- _The problem_
Output each record exactly as given. Leave out every picture.

- _Data for the task_
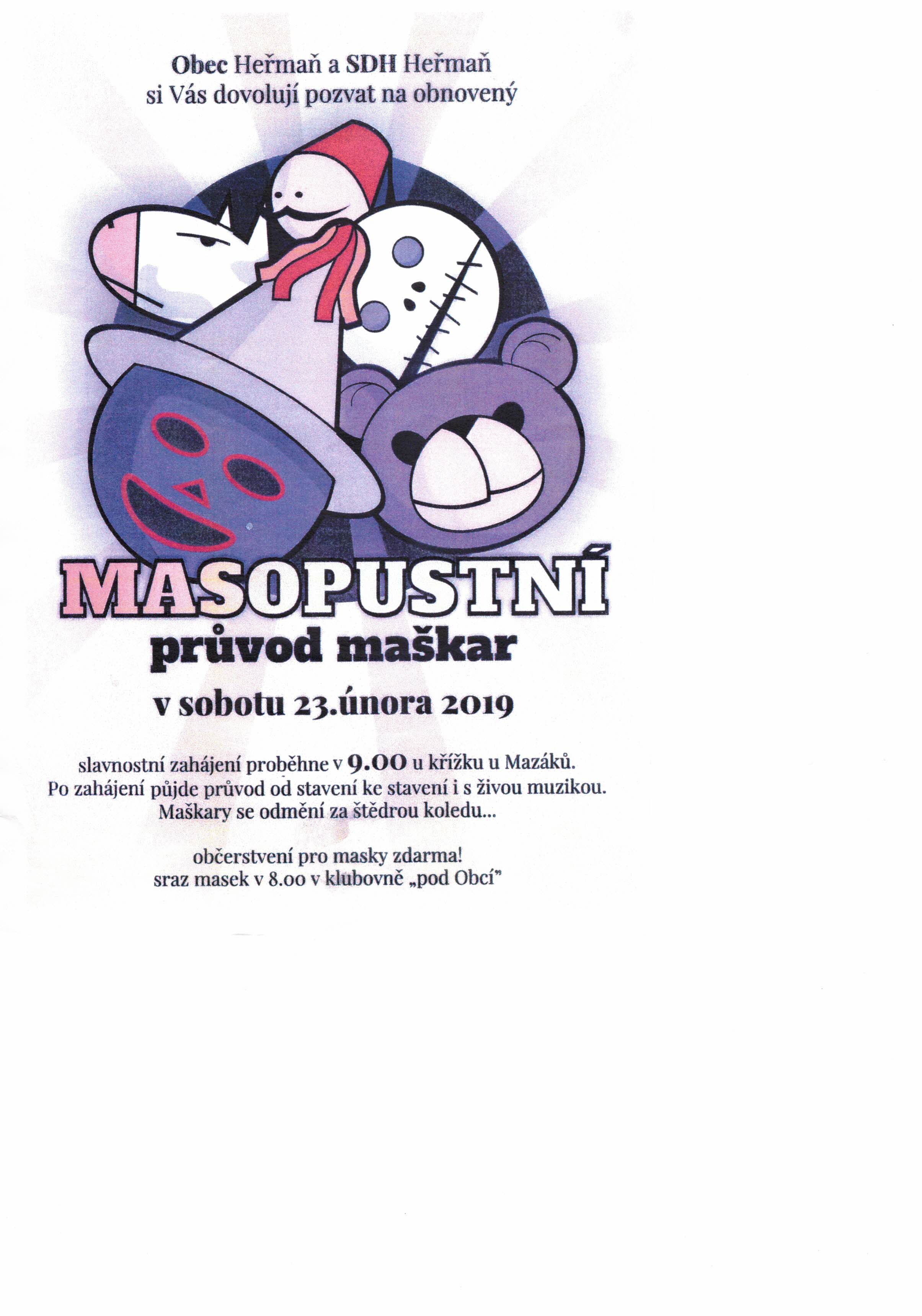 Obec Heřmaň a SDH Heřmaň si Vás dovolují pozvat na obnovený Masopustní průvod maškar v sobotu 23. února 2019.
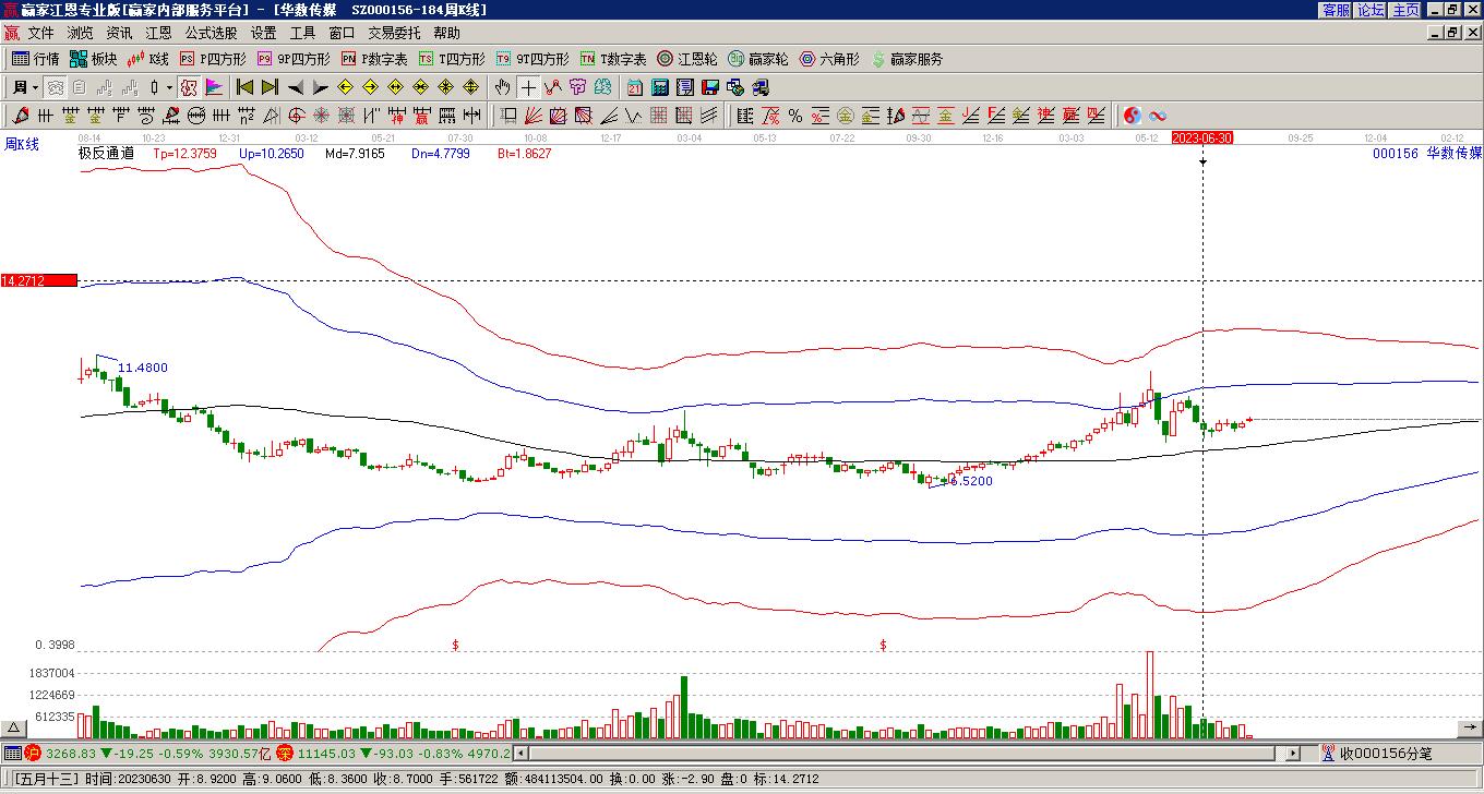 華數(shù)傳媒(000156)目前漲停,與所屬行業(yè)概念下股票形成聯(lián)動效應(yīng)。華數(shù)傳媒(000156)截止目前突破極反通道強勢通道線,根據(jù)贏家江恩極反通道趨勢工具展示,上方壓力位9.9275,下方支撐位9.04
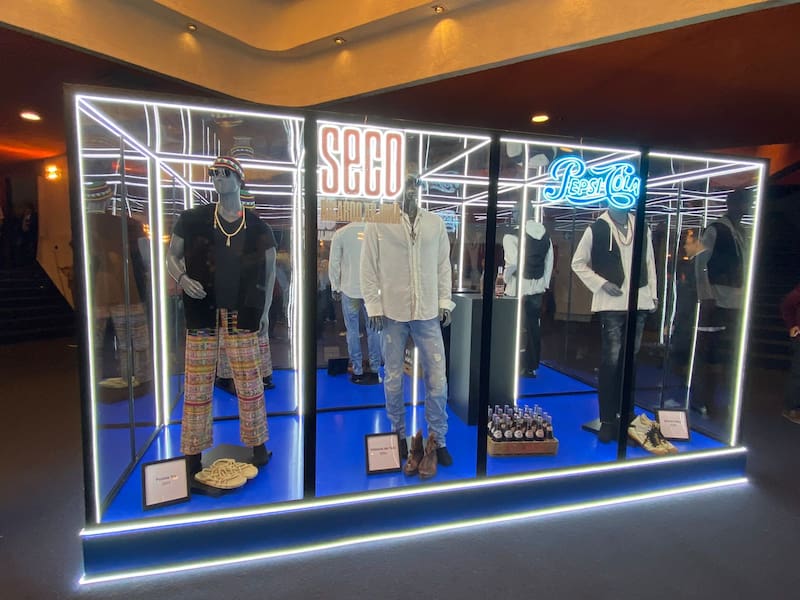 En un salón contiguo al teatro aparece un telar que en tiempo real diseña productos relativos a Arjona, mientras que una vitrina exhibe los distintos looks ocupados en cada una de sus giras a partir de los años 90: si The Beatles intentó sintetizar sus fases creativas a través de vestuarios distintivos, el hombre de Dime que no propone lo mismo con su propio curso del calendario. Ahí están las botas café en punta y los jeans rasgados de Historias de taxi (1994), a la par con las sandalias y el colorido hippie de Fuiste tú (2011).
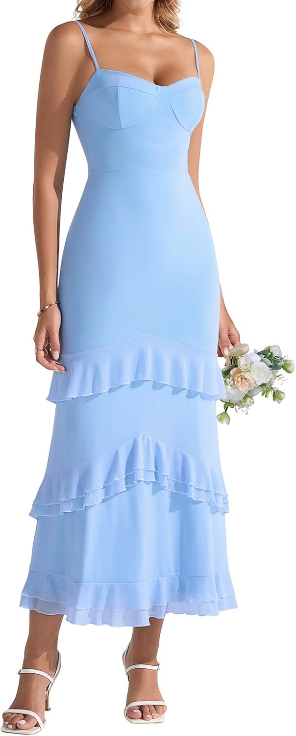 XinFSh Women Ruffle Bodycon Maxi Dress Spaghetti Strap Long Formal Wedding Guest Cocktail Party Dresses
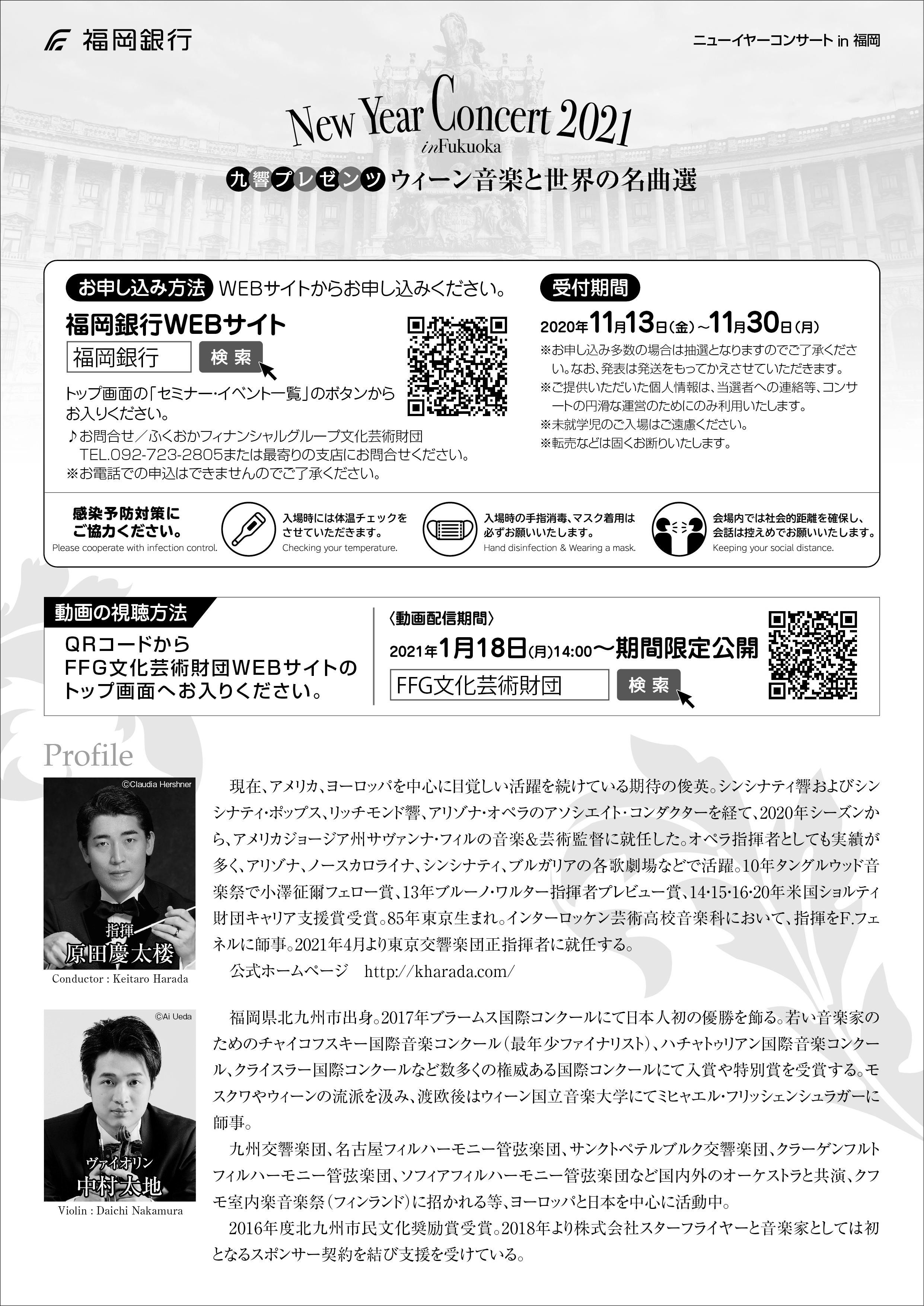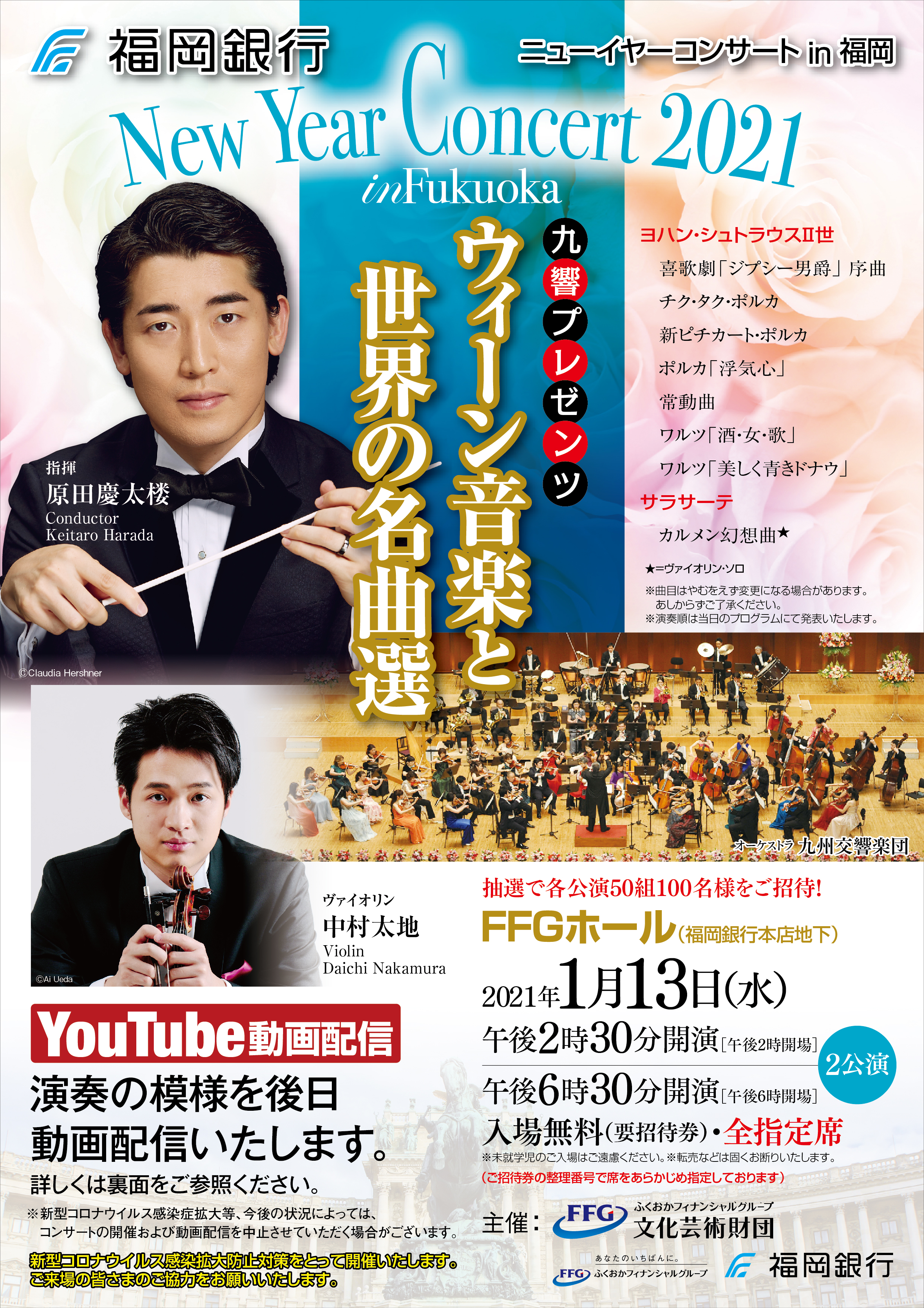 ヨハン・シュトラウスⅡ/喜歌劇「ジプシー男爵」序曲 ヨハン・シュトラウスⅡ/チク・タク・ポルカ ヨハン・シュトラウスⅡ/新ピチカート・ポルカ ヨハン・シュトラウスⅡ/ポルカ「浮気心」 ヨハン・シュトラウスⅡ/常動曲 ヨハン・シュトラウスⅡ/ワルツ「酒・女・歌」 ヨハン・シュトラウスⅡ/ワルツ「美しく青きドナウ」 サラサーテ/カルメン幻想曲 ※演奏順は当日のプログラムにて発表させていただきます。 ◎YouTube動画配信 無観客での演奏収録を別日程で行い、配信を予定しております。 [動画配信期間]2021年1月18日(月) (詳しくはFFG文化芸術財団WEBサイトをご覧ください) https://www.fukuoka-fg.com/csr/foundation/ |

- _Expected output_
 Obec Heřmaň a SDH Heřmaň si Vás dovolují pozvat na obnovený Masopustní průvod maškar v sobotu 23. února 2019.
 華數(shù)傳媒(000156)目前漲停,與所屬行業(yè)概念下股票形成聯(lián)動效應(yīng)。華數(shù)傳媒(000156)截止目前突破極反通道強勢通道線,根據(jù)贏家江恩極反通道趨勢工具展示,上方壓力位9.9275,下方支撐位9.04
 En un salón contiguo al teatro aparece un telar que en tiempo real diseña productos relativos a Arjona, mientras que una vitrina exhibe los distintos looks ocupados en cada una de sus giras a partir de los años 90: si The Beatles intentó sintetizar sus fases creativas a través de vestuarios distintivos, el hombre de Dime que no propone lo mismo con su propio curso del calendario. Ahí están las botas café en punta y los jeans rasgados de Historias de taxi (1994), a la par con las sandalias y el colorido hippie de Fuiste tú (2011).
 XinFSh Women Ruffle Bodycon Maxi Dress Spaghetti Strap Long Formal Wedding Guest Cocktail Party Dresses
 ヨハン・シュトラウスⅡ/喜歌劇「ジプシー男爵」序曲 ヨハン・シュトラウスⅡ/チク・タク・ポルカ ヨハン・シュトラウスⅡ/新ピチカート・ポルカ ヨハン・シュトラウスⅡ/ポルカ「浮気心」 ヨハン・シュトラウスⅡ/常動曲 ヨハン・シュトラウスⅡ/ワルツ「酒・女・歌」 ヨハン・シュトラウスⅡ/ワルツ「美しく青きドナウ」 サラサーテ/カルメン幻想曲 ※演奏順は当日のプログラムにて発表させていただきます。 ◎YouTube動画配信 無観客での演奏収録を別日程で行い、配信を予定しております。 [動画配信期間]2021年1月18日(月) (詳しくはFFG文化芸術財団WEBサイトをご覧ください) https://www.fukuoka-fg.com/csr/foundation/ |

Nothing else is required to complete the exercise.